- [Work instructions]:
Everything below from the line with "A côté de ça, les" through the line with "近く(と言っても2kmくらい先)には灌漑施設がありました。 ガイドに訊いたところ、小麦を栽培しているとのことでした。 |" should be copied exactly, and nothing else; leave out the pictures.

- [Input material]:
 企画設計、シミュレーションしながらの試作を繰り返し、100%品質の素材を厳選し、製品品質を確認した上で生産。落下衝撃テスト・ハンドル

==

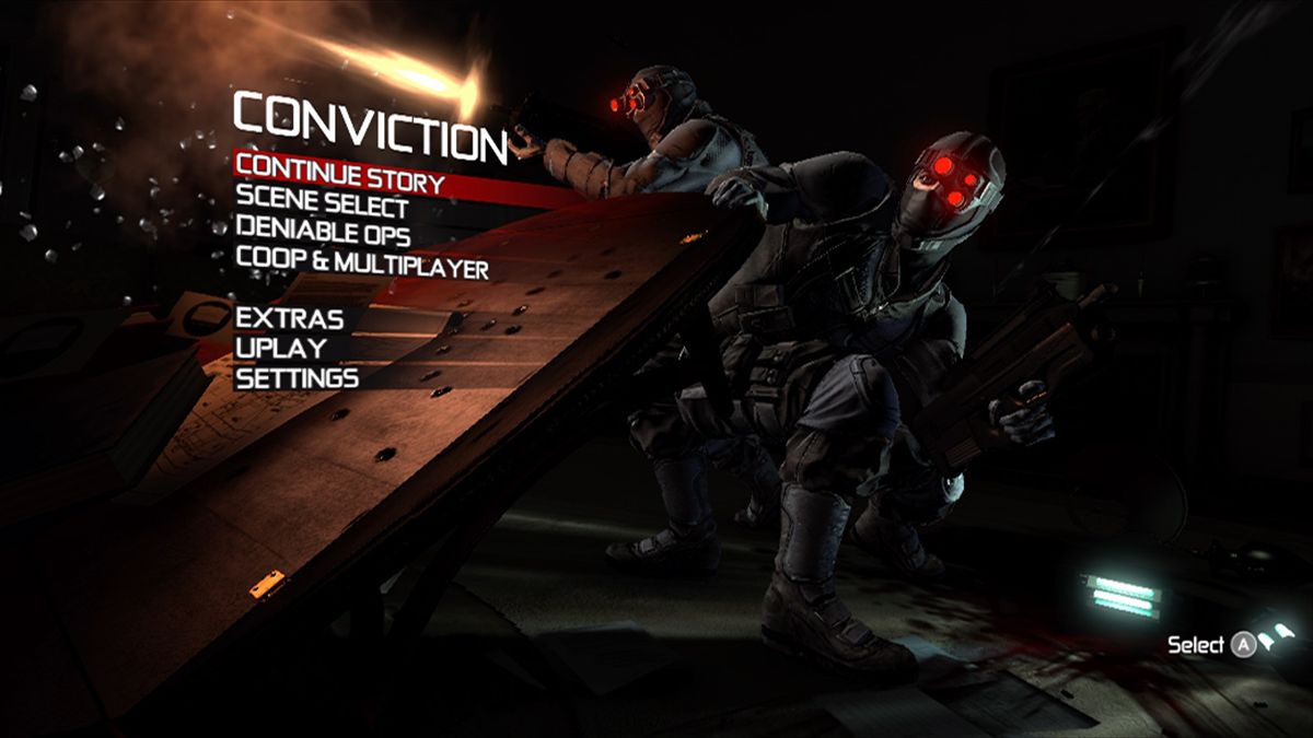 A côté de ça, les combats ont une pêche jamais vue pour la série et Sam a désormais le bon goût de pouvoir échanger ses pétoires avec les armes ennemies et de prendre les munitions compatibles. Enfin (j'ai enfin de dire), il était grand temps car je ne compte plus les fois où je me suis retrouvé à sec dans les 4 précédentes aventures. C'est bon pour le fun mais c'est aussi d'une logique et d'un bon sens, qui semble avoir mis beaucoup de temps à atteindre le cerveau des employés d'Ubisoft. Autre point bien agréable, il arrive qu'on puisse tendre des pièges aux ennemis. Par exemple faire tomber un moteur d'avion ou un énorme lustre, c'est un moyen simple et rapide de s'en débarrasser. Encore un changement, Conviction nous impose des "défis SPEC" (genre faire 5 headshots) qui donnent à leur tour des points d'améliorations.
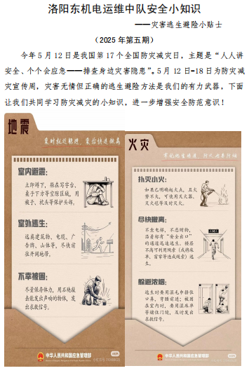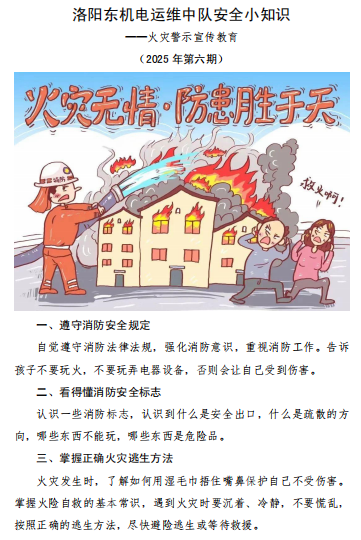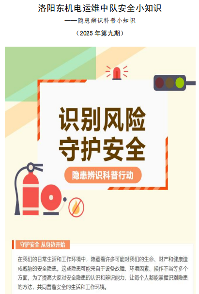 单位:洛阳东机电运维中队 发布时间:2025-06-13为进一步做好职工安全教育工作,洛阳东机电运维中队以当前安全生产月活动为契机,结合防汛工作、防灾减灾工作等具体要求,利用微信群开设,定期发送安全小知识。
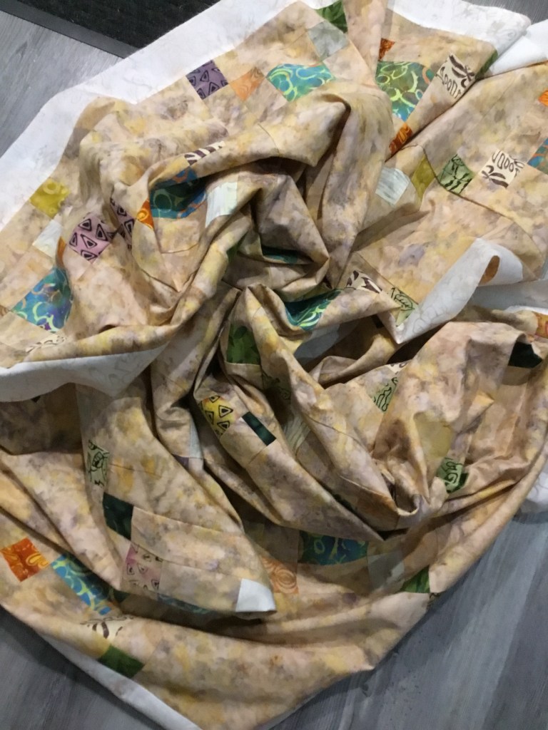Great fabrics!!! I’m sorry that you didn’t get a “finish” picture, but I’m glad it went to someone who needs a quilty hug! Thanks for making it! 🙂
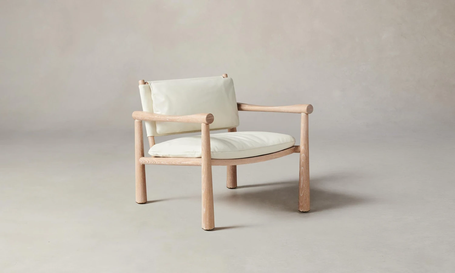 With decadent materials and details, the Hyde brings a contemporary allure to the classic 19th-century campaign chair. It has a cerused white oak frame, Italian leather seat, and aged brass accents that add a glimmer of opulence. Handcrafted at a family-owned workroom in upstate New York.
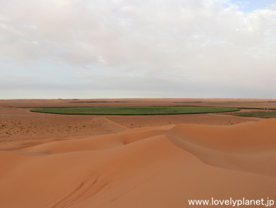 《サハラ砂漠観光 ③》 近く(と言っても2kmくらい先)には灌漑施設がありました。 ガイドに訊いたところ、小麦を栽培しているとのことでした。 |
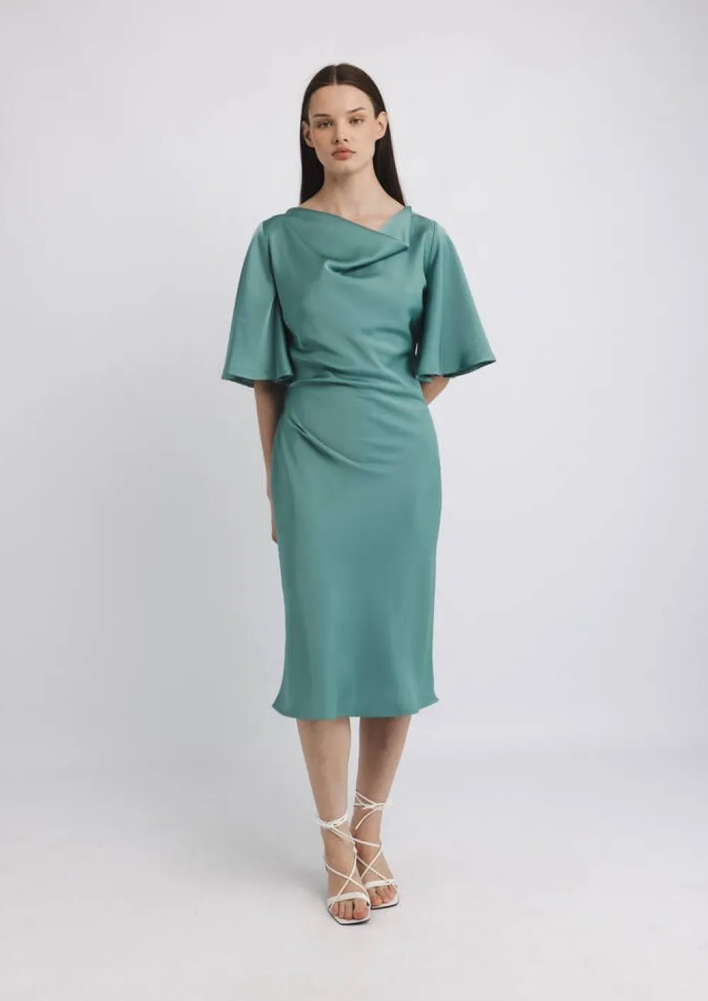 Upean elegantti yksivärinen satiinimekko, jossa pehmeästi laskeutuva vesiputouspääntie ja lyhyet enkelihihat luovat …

- [Output]:
 A côté de ça, les combats ont une pêche jamais vue pour la série et Sam a désormais le bon goût de pouvoir échanger ses pétoires avec les armes ennemies et de prendre les munitions compatibles. Enfin (j'ai enfin de dire), il était grand temps car je ne compte plus les fois où je me suis retrouvé à sec dans les 4 précédentes aventures. C'est bon pour le fun mais c'est aussi d'une logique et d'un bon sens, qui semble avoir mis beaucoup de temps à atteindre le cerveau des employés d'Ubisoft. Autre point bien agréable, il arrive qu'on puisse tendre des pièges aux ennemis. Par exemple faire tomber un moteur d'avion ou un énorme lustre, c'est un moyen simple et rapide de s'en débarrasser. Encore un changement, Conviction nous impose des "défis SPEC" (genre faire 5 headshots) qui donnent à leur tour des points d'améliorations.
 单位:洛阳东机电运维中队 发布时间:2025-06-13为进一步做好职工安全教育工作,洛阳东机电运维中队以当前安全生产月活动为契机,结合防汛工作、防灾减灾工作等具体要求,利用微信群开设,定期发送安全小知识。
Great fabrics!!! I’m sorry that you didn’t get a “finish” picture, but I’m glad it went to someone who needs a quilty hug! Thanks for making it! 🙂
 With decadent materials and details, the Hyde brings a contemporary allure to the classic 19th-century campaign chair. It has a cerused white oak frame, Italian leather seat, and aged brass accents that add a glimmer of opulence. Handcrafted at a family-owned workroom in upstate New York.
 《サハラ砂漠観光 ③》 近く(と言っても2kmくらい先)には灌漑施設がありました。 ガイドに訊いたところ、小麦を栽培しているとのことでした。 |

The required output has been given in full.